DATA SHOWN >>
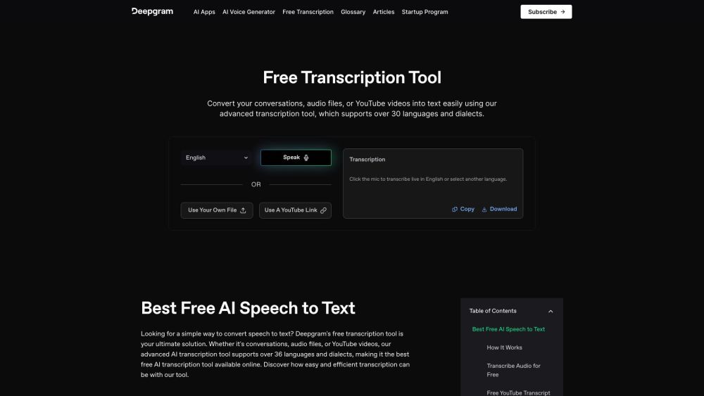 将对话、音频文件或YouTube视频转换为文本 / 支持超过36种语言
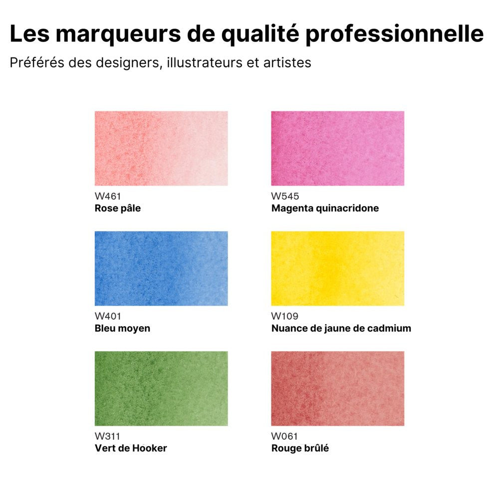 Créez de magnifiques effets d'aquarelle avec le marqueur aquarelle de Winsor & Newton, hautement pigmenté et résistant à la lumière. Double pointe : une pointe pinceau flexible et une pointe fine. Pour de meilleurs résultats, utilisez-le avec le papier pour aquarelle Winsor & Newton. Rangez les marqueurs à l'horizontale. Pinceau non inclus.
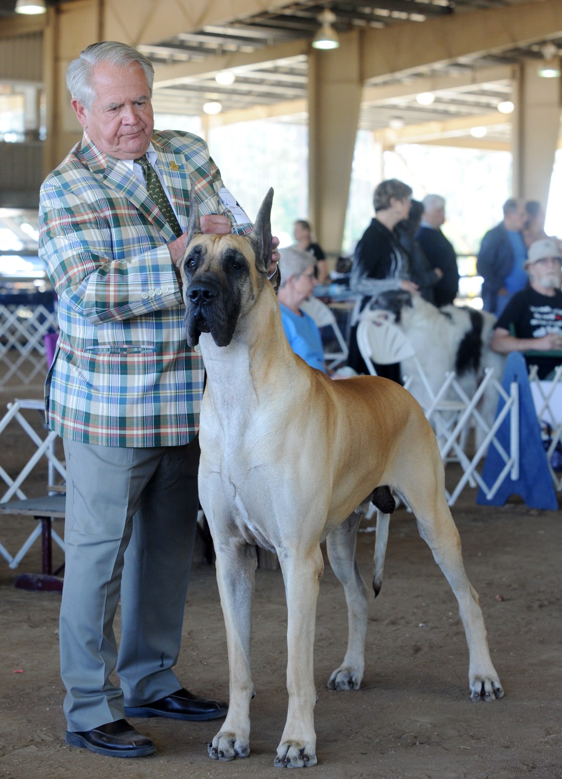 Doug Toomey from North Carolina shows Great Dane Odin in the first day of the Greater Orange Park Dog Club All-Breed Dog Show on Saturday, April 8, 2017. Odin won a first place blue ribbon in the Working Group competition. More than 850 dogs are competing in the weekend event, which continues today from 8:00 a.m. to 5:00 p.m. Admission is free for spectators. Parking is $5.00 per vehicle. (Christina Kelso/ The St. Augustine Record)
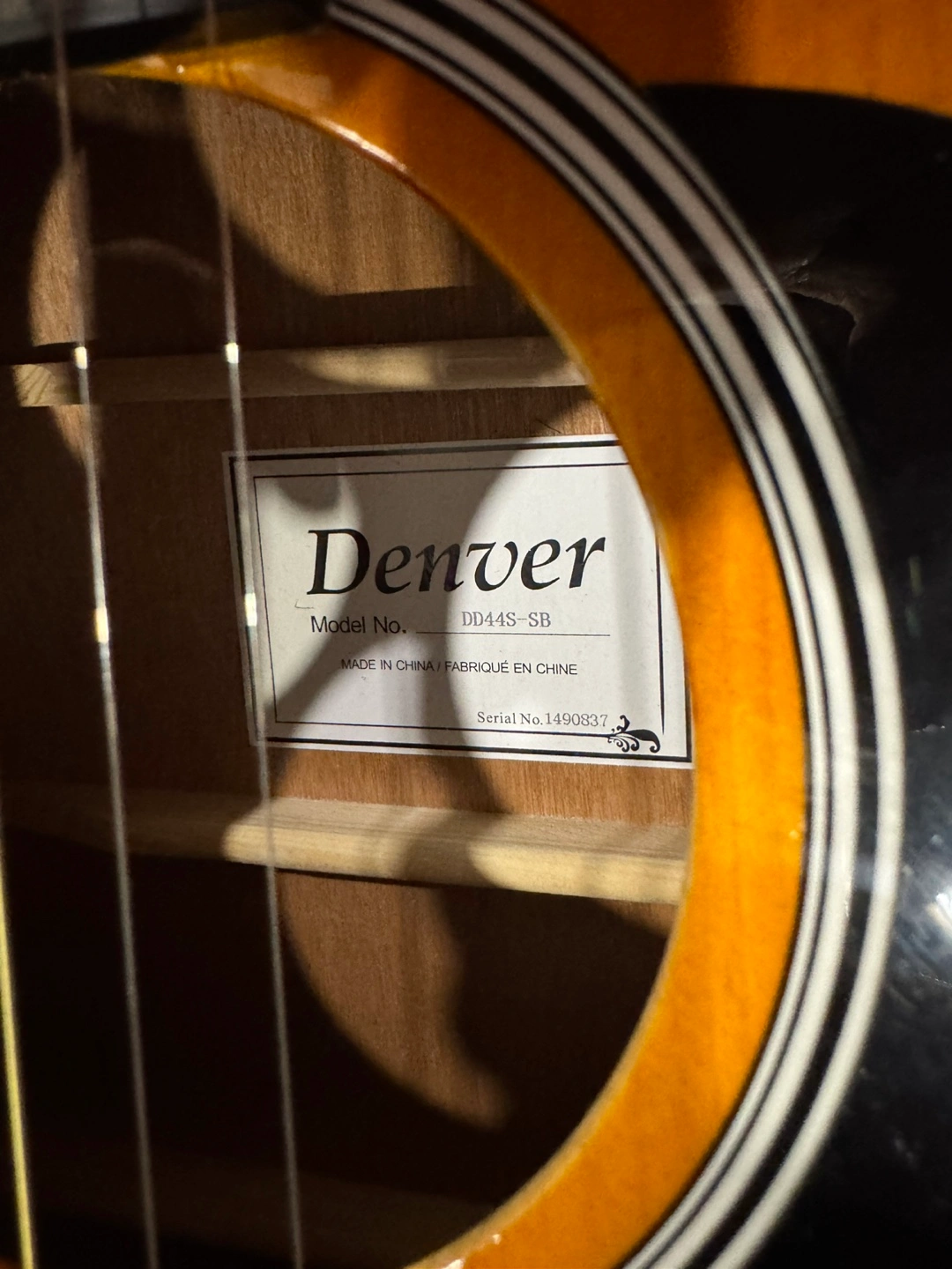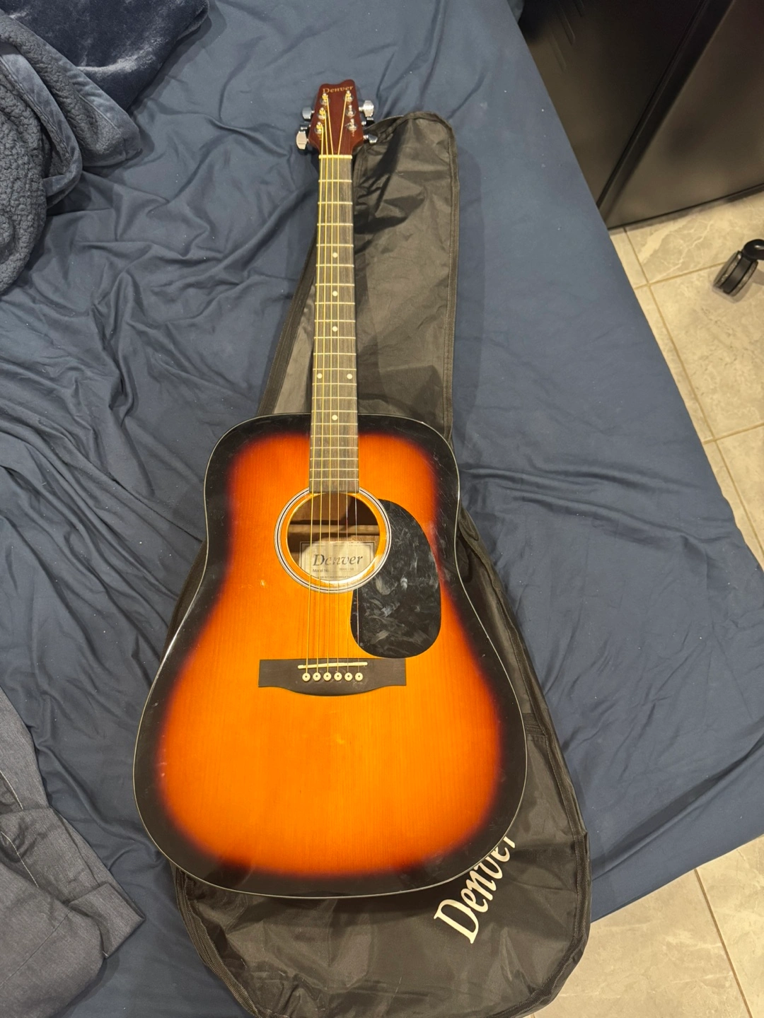 Selling a Denver acoustic guitar in good condition. It comes with a gig bag for easy transport and storage. Perfect for beginners or anyone looking for a reliable acoustic guitar!

PROBLEM TO SOLVE >>
Each line of the listing is to be retyped exactly, and its pictures are to be dropped.

SOLUTION FOR THIS PROBLEM >>
 将对话、音频文件或YouTube视频转换为文本 / 支持超过36种语言
 Créez de magnifiques effets d'aquarelle avec le marqueur aquarelle de Winsor & Newton, hautement pigmenté et résistant à la lumière. Double pointe : une pointe pinceau flexible et une pointe fine. Pour de meilleurs résultats, utilisez-le avec le papier pour aquarelle Winsor & Newton. Rangez les marqueurs à l'horizontale. Pinceau non inclus.
 Doug Toomey from North Carolina shows Great Dane Odin in the first day of the Greater Orange Park Dog Club All-Breed Dog Show on Saturday, April 8, 2017. Odin won a first place blue ribbon in the Working Group competition. More than 850 dogs are competing in the weekend event, which continues today from 8:00 a.m. to 5:00 p.m. Admission is free for spectators. Parking is $5.00 per vehicle. (Christina Kelso/ The St. Augustine Record)
 Selling a Denver acoustic guitar in good condition. It comes with a gig bag for easy transport and storage. Perfect for beginners or anyone looking for a reliable acoustic guitar!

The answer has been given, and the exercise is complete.